I asked all of you (for the fourth time since 2014) to identify the best (or most impactful or memorable) book you’ve read since 2021. Here is Part III of your responses.
Christine Smith writes, “The Passage by Justin Cronin. If you like Stephen King-style dystopian fiction, then this is crack for your reader’s brain. My son Matthew was given a few choices for ninth-grade summer reading and I skimmed the first 30 pages of this book just to find out how Cronin decided to end the world. Yup, got hooked. I finished the remaining 920 pages and then bought the rest of the trilogy for a happily occupied summer. Matthew chose Station Eleven by Emily St. John Mandel, which I have also read and would highly recommend.”

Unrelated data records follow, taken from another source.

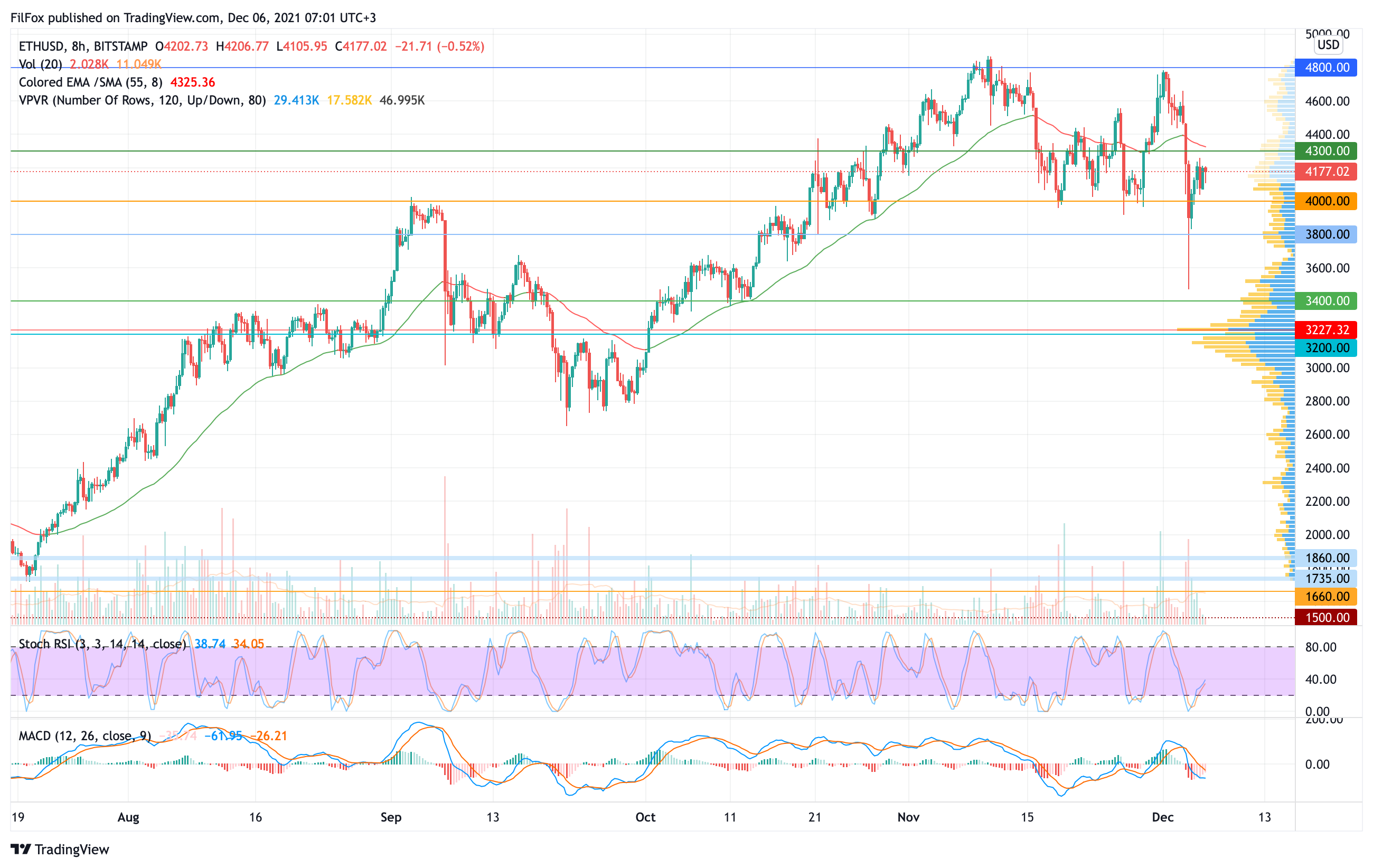 В прошедшую субботу цена Ethereum восстановилась выше психологической отметки 4000.00 USD, а в воскресенье восстановление продолжилось вплотную к уровню 4300.00 USD. Локальный максимум обозначен в районе отметки 4258.00 USD.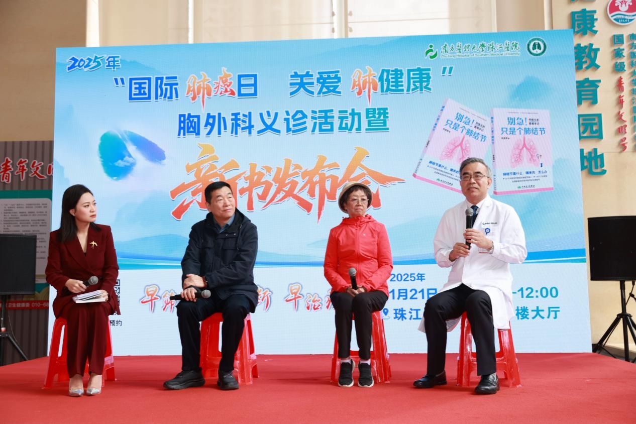 “内容不仅严谨,也十分‘安神’。”11月21日“国际肺癌日”当天,一场集新书发布、大型义诊、健康讲座于一体的“关爱肺健康”活动热闹开场。珠江医院胸外科主任乔贵宾团队携耗时三年打磨的科普力作《别急!只是个肺结节》正式亮相。医院党委书记苏广武、院长郭洪波,胸外科主任乔贵宾以及人民卫生出版社华南分社副总编辑吕健与部分患者共同为新书揭幕。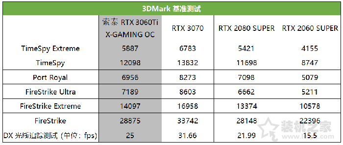 在基準測試中,RTX 3060 Ti的成績相對RTX 2080 SUPER大約有3%~14%的優勢,在光追測試中,優勢最高可達14%。相對RTX 2060 SUPER來說,優勢就十分巨大了,光追測試優勢高達61%,這個升級幅度應該能讓性能級玩家非常滿意了。此外,和RTX 3070相比的話,性能差距也非常符合核心規模的差距,可見NVIDIA的刀法確實很精準,由此也體現出了RTX 3060 Ti的高性價比。

Matt Miller writes, “Though it’s been out there for a while, I recently read Tuesdays with Morrie by Mitch Albom. Terrific story. Touching, sad, uplifting. A couple of years ago I grabbed the English AP reading list from my youngest to get some ideas. Just Mercy by Bryan Stevenson is another really great and meaningful true story. How many of us would graduate from Harvard Law School and pursue a career like his?” David Greenberg writes, “I recently revisited all four novels of John Updike’s Rabbit series and feel changed by the experience. I read them in my 20s and 30s, but here in my 50s they mean so much more as I can bring my life experiences to the novels. I heartily recommend re-reading books you enjoyed as a young person now that you know so much more about life.”

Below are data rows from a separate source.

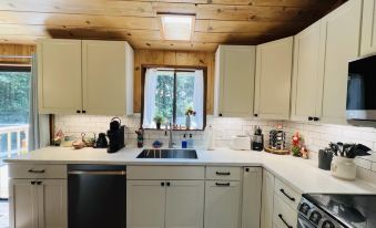 • Kitchen is fully stocked with appliances, cookware, silverware, basic condiments, keurig coffee & tea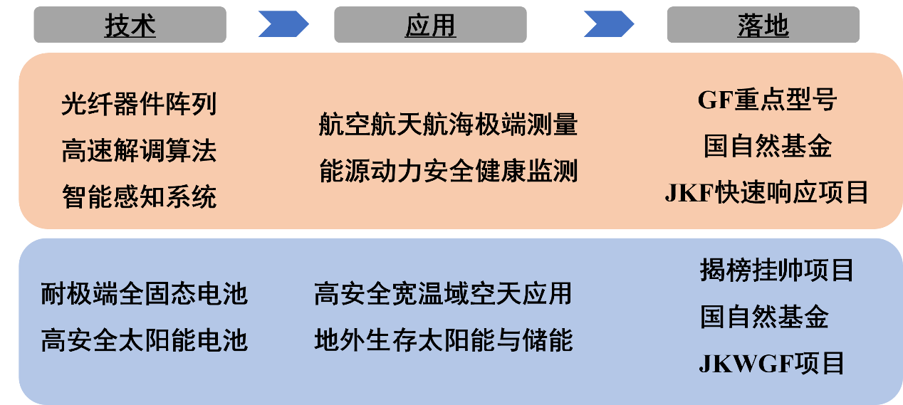 团队聚焦于航空航天乃至地外极端条件(高温、高压、高速、强振、强辐射等)应用场景,发展特种光纤集成与测量技术、特种能量转换与固态储能技术,以及基于特种光纤的电池监测交叉方向,做出了一系列特色工作,迄今为止已发表Nature Communication、Advanced Optical Materials、Advanced Functional Materials、Science Advances等多个一流期刊,申请多项中国和国际发明专利,主持和参与国自然青年、重点、省重点研发、揭榜挂帅和JKW多个项目,获得江苏省科技进步一等奖、教育部高校优秀研究成果奖(自然科学类)二等奖和中国光学工程学会科技进步二等奖等。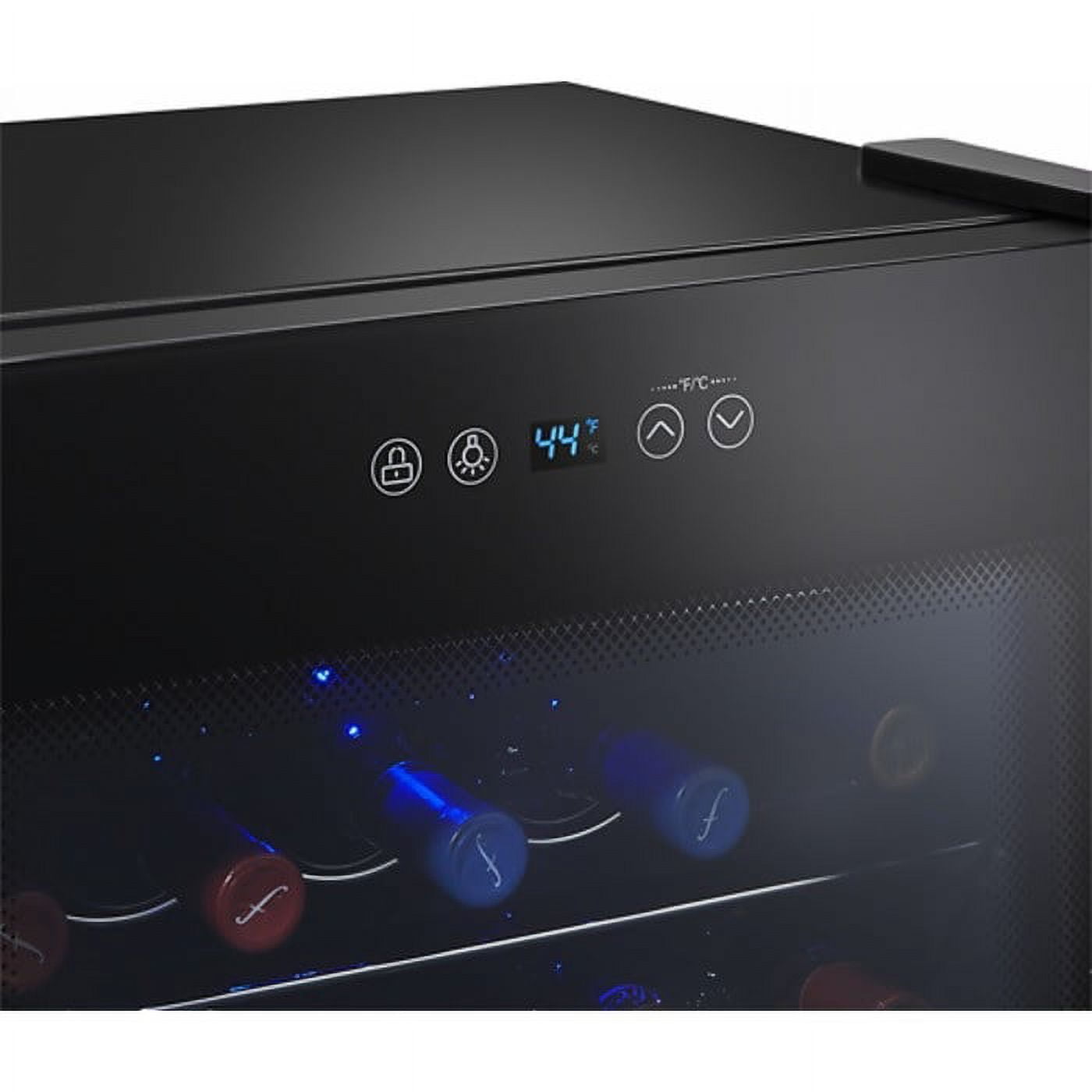 With a capacity to hold up to 34 wine bottles, this wine cooler offers ample space for both storing and displaying your favorite wines. Measuring at 17.3″ by 18.9″ by 33.1″, this premium wine cooler’s compact size allows it to fit seamlessly into various spaces, making it suitable for kitchens, dining rooms, or even cozy wine cellars. The wine cooler’s sleek and modern design adds an elegant touch to any space, complementing any decor and enhancing the overall aesthetics. The cooler features standard adjustable temperature control, allowing you to set the perfect storage conditions for red, white, or sparkling wines, ensuring they are stored at their optimal temperature. The interior LED lighting softly illuminates your wine collection, creating a beautiful showcase. The glass door with stainless steel trim not only adds a contemporary look but also allows you to easily view your wines without having to open the cooler, preserving the wine’s quality and minimizing temperature fluctuations.

Sanda Lwin writes, “One of the best books I’ve read in recent years is The Critic’s Daughter by Priscilla Gilman, a former colleague of mine when we were both English professors at Yale. This is a beautiful and powerful memoir about growing up in New York in the 1970s. Her father, the late Richard Gilman, was a prominent drama critic for Newsweek and The Nation and taught at the Yale School of Drama for decades; her mother, Lynn Nesbit, is one of the foremost literary agents in New York. Their Upper West Side dinner parties were full of literati and intellectuals—from Harold Brodkey to Susan Sontag, Toni Morrison to Bernard Malamud—and it’s against this backdrop that she writes primarily about her complicated and tumultuous relationship with her brilliant father. A really great read.”
Kevin Roon writes, “Being Wrong: Adventures in the Margin of Error by Kathryn Shultz. An incredibly thorough, thought-provoking, and funny exploration of human fallibility by one of my favorite authors.”
Paul Haffner writes, “I finally tackled Moby Dick during the past few months, finishing the weighty tome on an overnight Amtrak out West. I had no idea the tale we know of Ahab’s obsession to vanquish the great whale is likely less than 20 percent of the story—the novel is an anatomy, biology, and history lesson as well. It was a bit of a grind to get underway and it’s not for everyone. If you have any attention deficit issues, don’t dig archaic analogies, or struggle reading language deemed offensive today in historical context, I would stay safely on shore. But if you have a thirst to learn the ways of the whale and the men who hunted them to feed an enormous industry, get ye prepared to join the epic voyage of the Pequod—thar she blows!”